EVERYBODY LOOK OVER THERE WHILE I KILL THESE MONKEYS!

Yeah, yeah. The sea monkeys are huge now. They’re huge and fluffy and look like that big dragon from the Neverending Story and it’s great. Buuuuuut…

I kiiiiinda wish I hadn’t mentioned those sea monkeys last time because pretty soon it’s going to get to the point where that tiny wet-nap-sized packet of sea monkey food will run out, and I will be forced to decide whether to spend $3 on replacement monkey food or let them all die. And while the cash is not really such a big deal to someone born into Royalty such as myself, the mental work is more daunting.

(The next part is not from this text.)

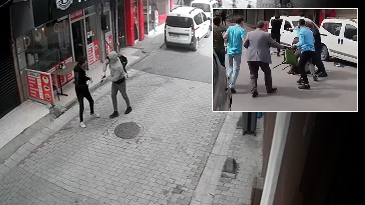 Kuyumcu dükkanı önünde yaşananların güvenlik kamerası görüntüleri ortaya çıktı. Görüntülerde 3 soyguncudan biri kapı önünde yakalanıp dövülürken silah çeken diğer 2 soyguncuyu esnaf sandalye ile kovalıyor. Esnafın üzerine geldiğini gören 2 soyguncu hızla uzaklaşıyor.
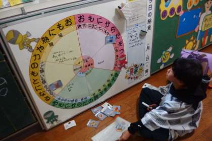 給食の献立情報や栄養情報を記入している保健給食委員です。

I will have to use all of my brains to figure out where to get replacement monkey food. Full-on sea monkey sets? I know you can get from the back of any comic book. But just the food packets? You can’t just get that at your local pet-food store. Well, maybe you can, but I’m too embarrassed to walk there and ask for sea monkey food. I’m scared that they’ll just say, “Are you serious? Why don’t you just let them die, and then buy a new set? It’s about the same price.”

If I had just kept their names out of the Action News, then I maybe could have paid the money to have them all quietly put to sleep, outside of the harsh public spotlight. Or possibly, if I took a week off work, I could travel around and find adoptive homes for all of them. Or I could have simply walked around with the open monkey tank until, by no fault of my own, I spilled them and ended the whole thing.

But NOOOO. I blab all about it on this hott-ass website, which means every development of the story will be picked up by CNN, etc. So I’m just going to have to nobly, unselfishly figure it out. Grr.

We have lots of hot dogs left over from the company picnic, so first I’ll try chopping those up and dropping them in the tank. But I’m scared of what will happen once the sea monkeys get a taste of flesh. Or whatever part of the pig they make hot dogs out of.

In Psychonauts news: Psychonauts! Holy hot dang what a game!